4.2.2.1 Conventional Fossil Units
Analysis (summarized in Section 2.2.5) of the serious incidents of FAC (major bursts of pipes and tubes, and fatalities) in conventional fossil power plants and industrial steam plants provides a very clear priority or ranking order of units that are susceptible to FAC damage and should be inspected to establish baseline condition:
• Units with all stainless steel tubing in feedwater heaters, HP and LP.
• Units with stainless steel tubing in feedwater heaters in either HP or LP trains. • Units with carbon steel tubing in feedwater heaters.
The feedwater heater drain lines are susceptible locations on all units and currently account for the most frequent occurrences of FAC damage (Table 1-2). This situation is especially true in units with all-ferrous feedwater heaters, if the heaters operate with the vents open then this releases much of the dissolved oxygen content, thus increasing the probability of FAC.
The next level of prioritization is to determine the large list of susceptible systems on each unit. All of these systems must be evaluated. However, if time or resources are limited, it may be necessary to prioritize the scheduling of evaluations. The following is a reasonable, first-order listing of priorities:
1. Large-bore piping.
2. Susceptible small-bore piping and tubing with the most significant consequences of failure. (essentially economizer inlet tubing from the economizer inlet header and heater drain lines) 3. The remaining small-bore piping.
A failure in a large-bore piping system has potentially more significant consequences to personnel safety and plant availability, and thus these should be given first priority. Analysis and inspection of all susceptible large-bore piping systems is recommended. At a minimum, initial inspections of large-bore systems should be conducted at the next scheduled outage, if they have not yet been performed. For purposes of FAC evaluations, large-bore piping is defined as piping with a nominal diameter of greater than 2.5 inches (63.5mm).
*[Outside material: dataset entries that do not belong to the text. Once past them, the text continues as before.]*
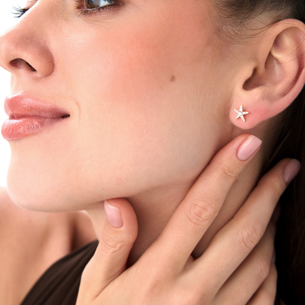 14k Baguette Diamond Star Earrings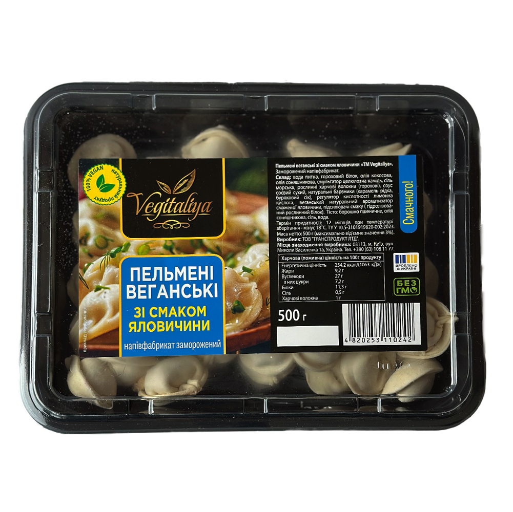 Веганські пельмені смак «Яловичина»  ТМ Vegitaliya — це унікальний продукт для тих, хто прагне поєднати у своєму раціоні традиційний смак та користь рослинного харчування. Ці пельмені дозволяють насолоджуватися улюбленими стравами без компромісів щодо здоров'я та етичних переконань. Вони створені з дбайливо підібраних інгредієнтів, які максимально точно відтворюють смак і текстуру яловичини, але при цьому не містять жодних продуктів тваринного походження.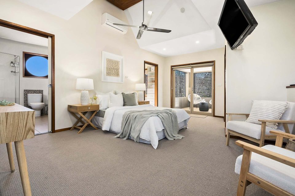 “The main suite is private and segregated, with high ceilings, two walk-in wardrobes, a private verandah and a spacious ensuite with a hydrotherapy spa,” Sally says.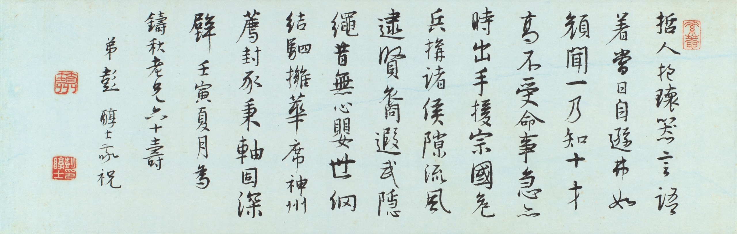 哲人抱懷器,言語著當日,自遜弗如顏,聞一乃知十,才高不受命,事急亦時出,手援宗國危,兵搆諸侯隙,流風逮賢裔,遐武隱繩昔,無心嬰世綱,結駟擁華席,神州薦封豕,秉軸固深壁。壬寅夏月寫,鑄秋老兄六十壽,弟彭醇士敬祝。

Recommendations are provided in Section 5 for inspecting large bore piping.
Although the consequences of failure may be less, problems with small-bore piping and tubing in general, and socket-welded fittings in particular, have been experienced. FAC-related leaks and ruptures, some resulting in plant shutdowns, have been reported in small-bore lines. For the purpose of FAC evaluation, small-bore piping and tubing is defined as both butt-welded and socket welded piping and tubing with a nominal diameter of less than or equal to 2.5 inches (63.5mm).
The number of inspections performed for small bore piping and tubing is plant dependent. Economics could determine the extent of inspections performed versus wholesale replacement with FAC-resistant materials.
Use of EPRI CHECUP software to help prioritize actual inspections by component in FAC susceptible systems will be discussed in Section 5. The objective of this second tier
prioritization is to improve the cost-effectiveness of the inspection process and is not intended to replace this unit-by-unit prioritization.
4.2.2.2 HRSG Units
HRSGs do not typically have feedwater heaters, and the prioritization of units for FAC actions does not focus on consideration of feedwater heater tubing metallurgy. More critically for HRSGs, the FAC prioritization should include a review of low pressure evaporator tube failures and the chemistry treatment used for the feedwater as discussed in Section 2. Units currently operating, or previously operated, on all-volatile treatment (AVT) with addition of a reducing agents such as hydrazine should be given priority for FAC assessment.